WHAT IS EXPECTED »
Repeat exactly the lines below that lie between the line with "Wooden planters filled" and the line with "Rodillera Rebound Dual", counting both of those lines as part of the answer.

MATERIALS PROVIDED »
+ + + + +
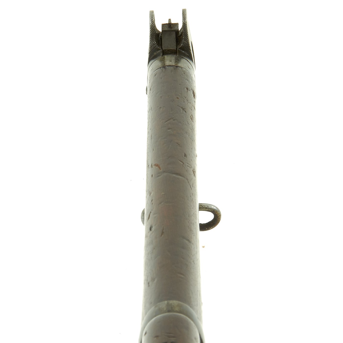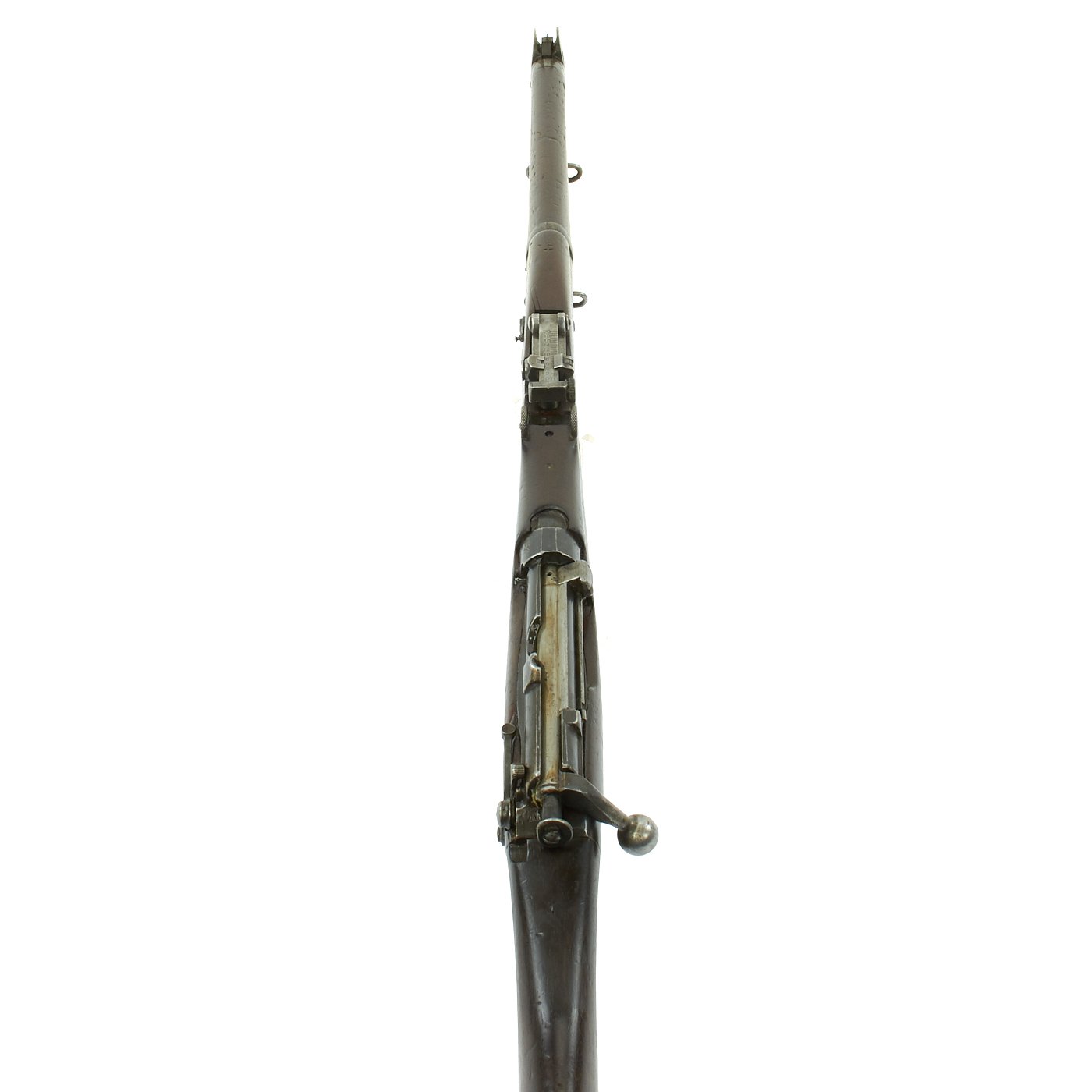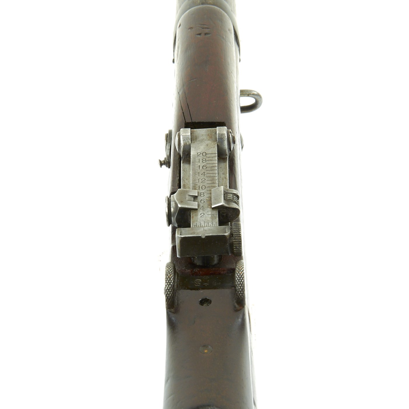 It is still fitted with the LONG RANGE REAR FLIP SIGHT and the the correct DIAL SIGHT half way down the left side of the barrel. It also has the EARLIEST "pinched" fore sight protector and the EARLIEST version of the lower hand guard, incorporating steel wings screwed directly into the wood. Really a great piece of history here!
+ + + + +
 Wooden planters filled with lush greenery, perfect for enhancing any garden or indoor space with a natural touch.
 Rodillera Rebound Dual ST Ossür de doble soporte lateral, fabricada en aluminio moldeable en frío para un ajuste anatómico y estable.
+ + + + +
WORKED SOLUTION »
 Wooden planters filled with lush greenery, perfect for enhancing any garden or indoor space with a natural touch.
 Rodillera Rebound Dual ST Ossür de doble soporte lateral, fabricada en aluminio moldeable en frío para un ajuste anatómico y estable.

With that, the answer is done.